───── TASK DATA

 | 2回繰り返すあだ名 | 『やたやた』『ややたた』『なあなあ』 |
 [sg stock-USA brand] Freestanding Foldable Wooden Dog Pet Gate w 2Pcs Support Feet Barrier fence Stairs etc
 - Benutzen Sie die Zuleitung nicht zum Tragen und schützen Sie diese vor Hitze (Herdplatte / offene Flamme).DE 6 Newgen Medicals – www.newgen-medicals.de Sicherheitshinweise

──────────
───── TASK DATA

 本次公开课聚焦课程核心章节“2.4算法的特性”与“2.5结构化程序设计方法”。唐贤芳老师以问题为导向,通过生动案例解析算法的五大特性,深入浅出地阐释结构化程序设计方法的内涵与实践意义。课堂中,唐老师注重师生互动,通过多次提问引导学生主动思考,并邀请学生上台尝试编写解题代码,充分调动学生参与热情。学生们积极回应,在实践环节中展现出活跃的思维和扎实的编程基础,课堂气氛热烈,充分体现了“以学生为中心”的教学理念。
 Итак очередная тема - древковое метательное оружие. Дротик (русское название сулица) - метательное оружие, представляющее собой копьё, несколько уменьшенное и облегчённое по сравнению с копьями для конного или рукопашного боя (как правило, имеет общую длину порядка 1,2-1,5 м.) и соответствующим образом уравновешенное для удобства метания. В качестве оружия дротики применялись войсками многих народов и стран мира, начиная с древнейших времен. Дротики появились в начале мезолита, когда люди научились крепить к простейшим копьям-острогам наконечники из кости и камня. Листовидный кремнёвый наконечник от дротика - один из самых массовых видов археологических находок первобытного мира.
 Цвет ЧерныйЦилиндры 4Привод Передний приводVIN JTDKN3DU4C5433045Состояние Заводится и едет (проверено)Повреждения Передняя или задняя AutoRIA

──────────

● WORK REQUIRED:
Above are the records; repeat exactly the lines from the one holding "2回繰り返すあだ名 | 『やたやた』『ややたた』『なあなあ』 |" down to the one holding "- Benutzen Sie", end lines included.

● ANSWER SPACE:
 | 2回繰り返すあだ名 | 『やたやた』『ややたた』『なあなあ』 |
 [sg stock-USA brand] Freestanding Foldable Wooden Dog Pet Gate w 2Pcs Support Feet Barrier fence Stairs etc
 - Benutzen Sie die Zuleitung nicht zum Tragen und schützen Sie diese vor Hitze (Herdplatte / offene Flamme).DE 6 Newgen Medicals – www.newgen-medicals.de Sicherheitshinweise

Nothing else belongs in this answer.